**Task requirements**:
Transcribe exactly the lines below that begin at the line with "紅圈新聞?|?再入選成都!和創科技入選成都市第二批中小企業數字化轉型服務商" and stop after the line with "Our edible cake", leaving out every picture.

**The data**:
○ ○ ○ ○ ○ ○ ○

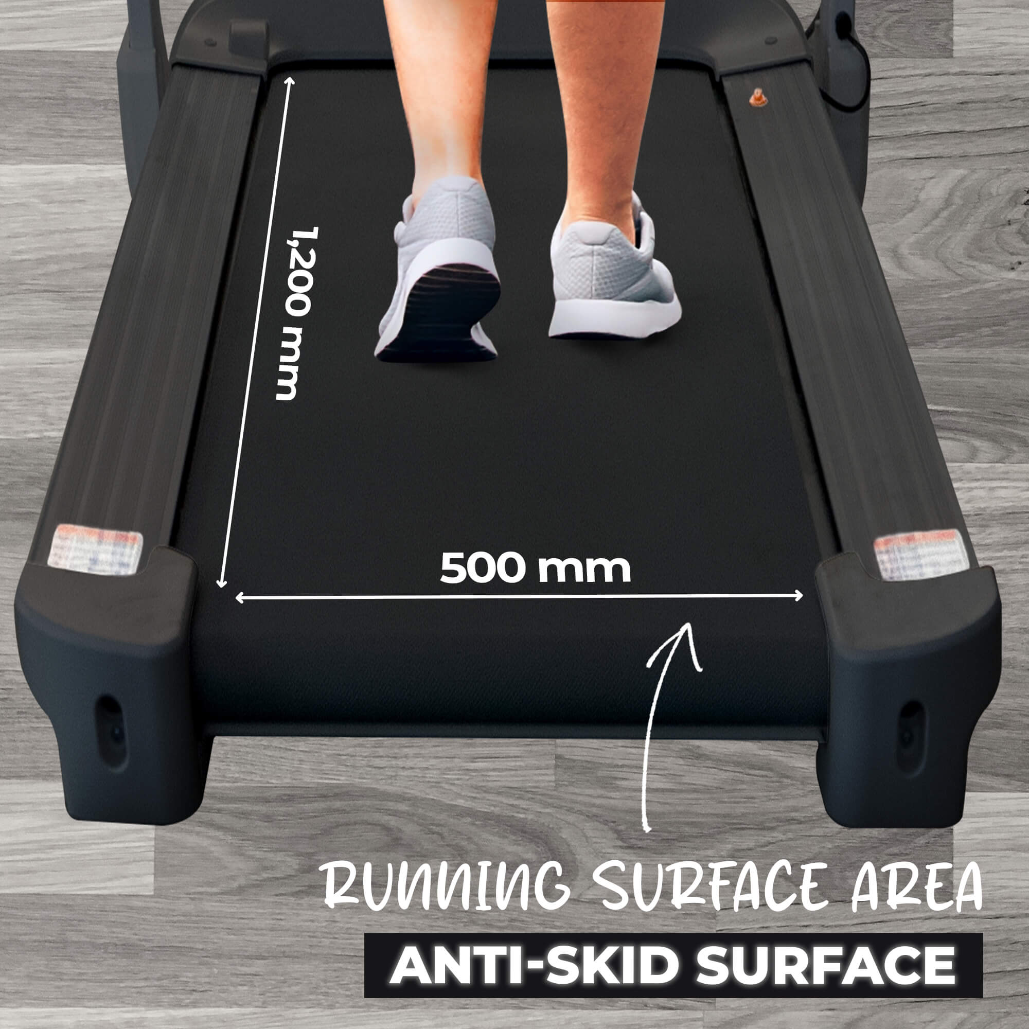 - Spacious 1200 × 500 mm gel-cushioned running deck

○ ○ ○ ○ ○ ○ ○

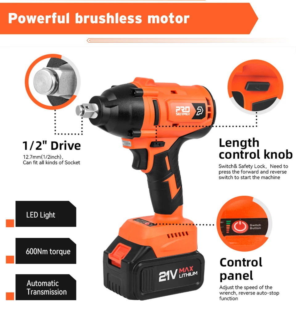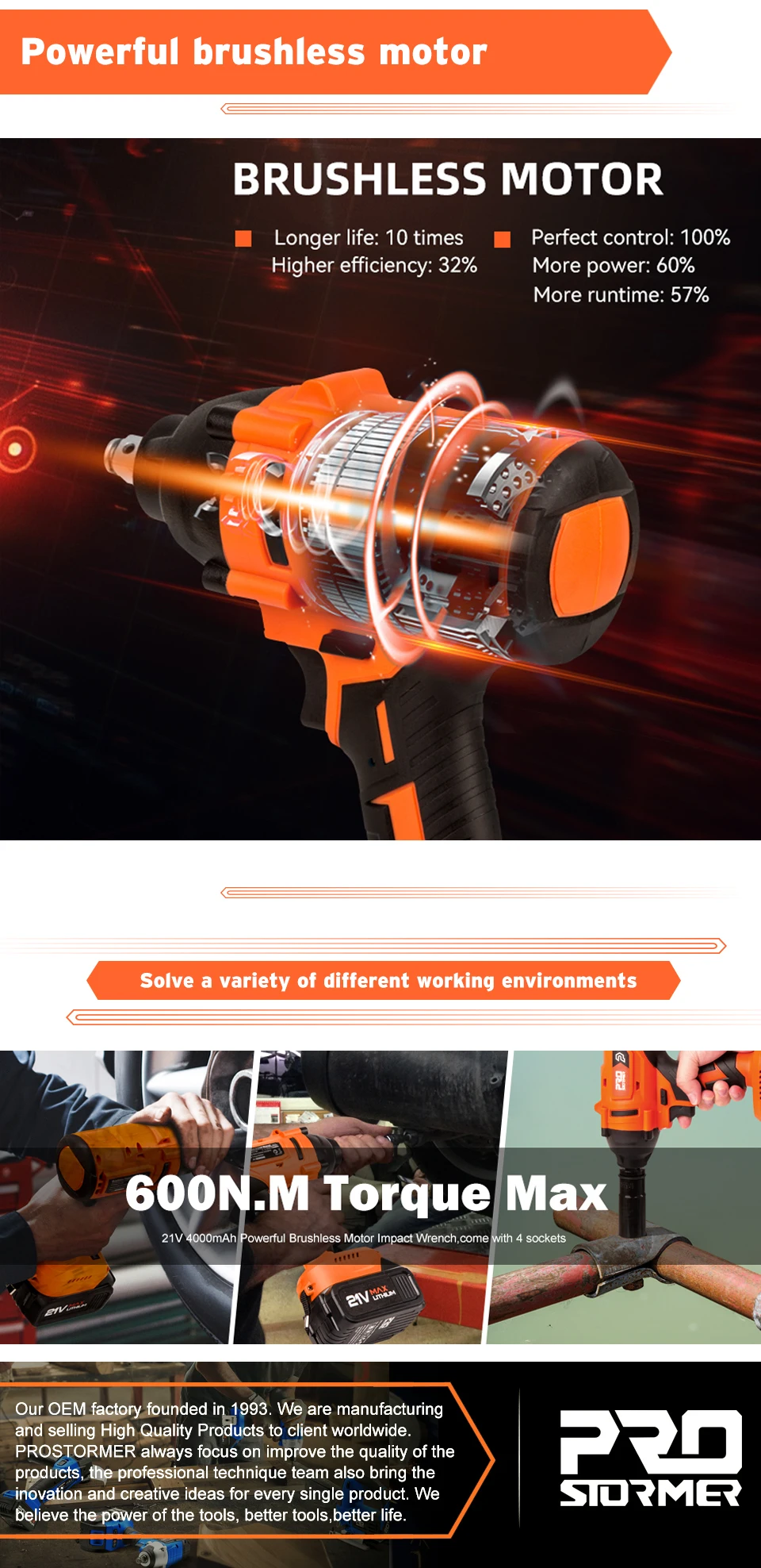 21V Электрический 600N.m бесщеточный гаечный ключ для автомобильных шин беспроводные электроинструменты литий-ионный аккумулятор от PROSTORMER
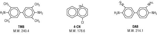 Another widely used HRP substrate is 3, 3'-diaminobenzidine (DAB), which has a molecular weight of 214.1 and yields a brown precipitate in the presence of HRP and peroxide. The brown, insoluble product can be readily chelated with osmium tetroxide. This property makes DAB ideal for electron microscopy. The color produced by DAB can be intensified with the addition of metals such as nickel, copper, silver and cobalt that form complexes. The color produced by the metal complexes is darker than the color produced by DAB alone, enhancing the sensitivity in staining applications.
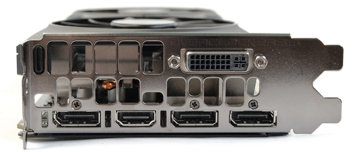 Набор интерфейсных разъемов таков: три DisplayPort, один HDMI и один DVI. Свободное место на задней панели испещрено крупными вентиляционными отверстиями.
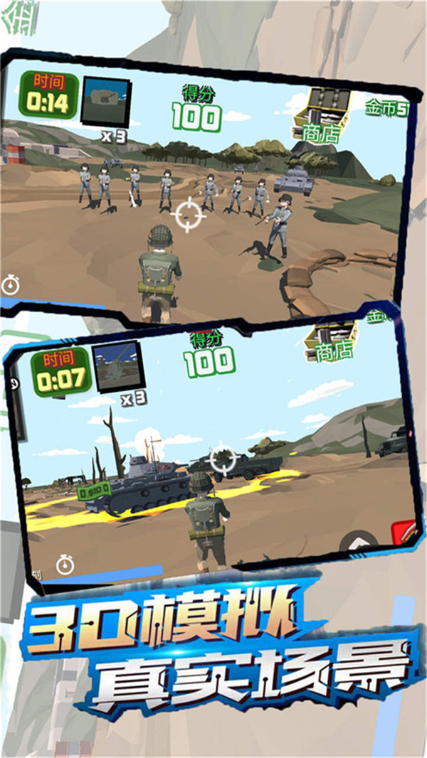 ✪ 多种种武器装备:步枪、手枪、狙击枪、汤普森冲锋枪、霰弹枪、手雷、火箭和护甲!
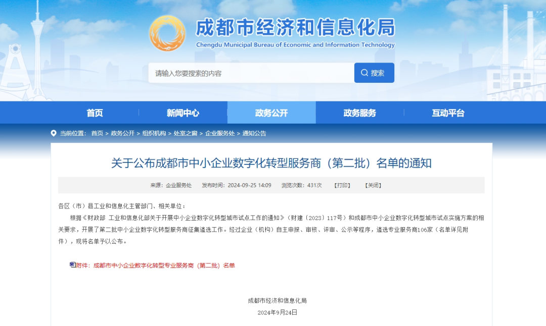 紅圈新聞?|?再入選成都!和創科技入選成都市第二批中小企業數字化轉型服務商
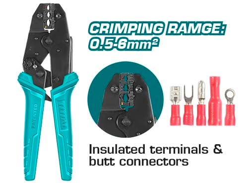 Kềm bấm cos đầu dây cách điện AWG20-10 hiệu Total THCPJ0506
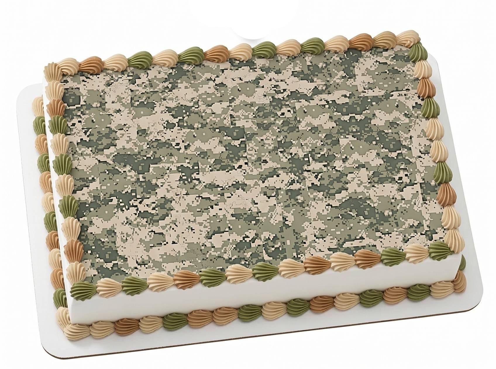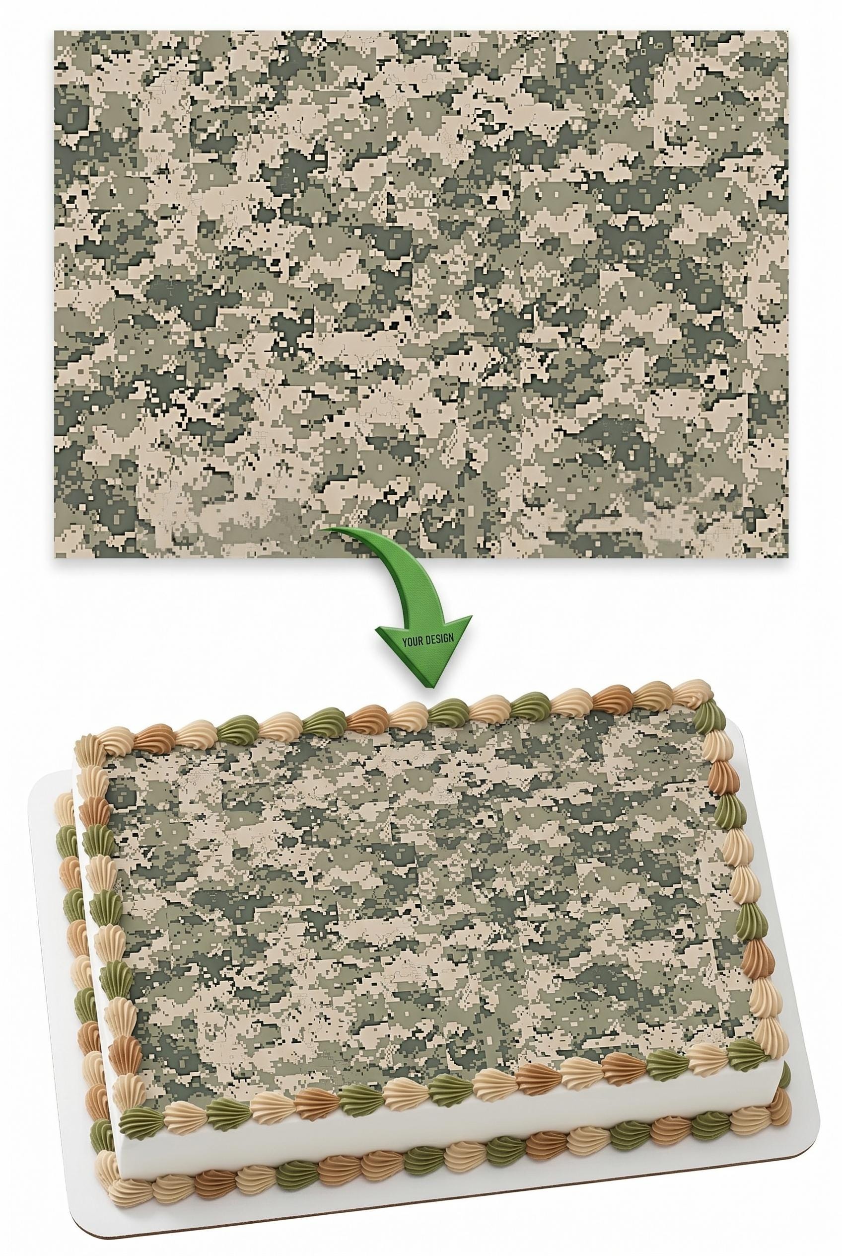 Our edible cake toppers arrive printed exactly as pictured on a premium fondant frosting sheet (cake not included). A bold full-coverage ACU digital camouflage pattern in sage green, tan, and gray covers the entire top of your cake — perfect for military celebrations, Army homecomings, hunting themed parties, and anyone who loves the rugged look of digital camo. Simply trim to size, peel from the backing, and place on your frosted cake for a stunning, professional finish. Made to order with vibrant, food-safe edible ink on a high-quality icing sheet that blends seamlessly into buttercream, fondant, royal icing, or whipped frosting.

○ ○ ○ ○ ○ ○ ○

**Solution to this task**:
 紅圈新聞?|?再入選成都!和創科技入選成都市第二批中小企業數字化轉型服務商
 Kềm bấm cos đầu dây cách điện AWG20-10 hiệu Total THCPJ0506
 Our edible cake toppers arrive printed exactly as pictured on a premium fondant frosting sheet (cake not included). A bold full-coverage ACU digital camouflage pattern in sage green, tan, and gray covers the entire top of your cake — perfect for military celebrations, Army homecomings, hunting themed parties, and anyone who loves the rugged look of digital camo. Simply trim to size, peel from the backing, and place on your frosted cake for a stunning, professional finish. Made to order with vibrant, food-safe edible ink on a high-quality icing sheet that blends seamlessly into buttercream, fondant, royal icing, or whipped frosting.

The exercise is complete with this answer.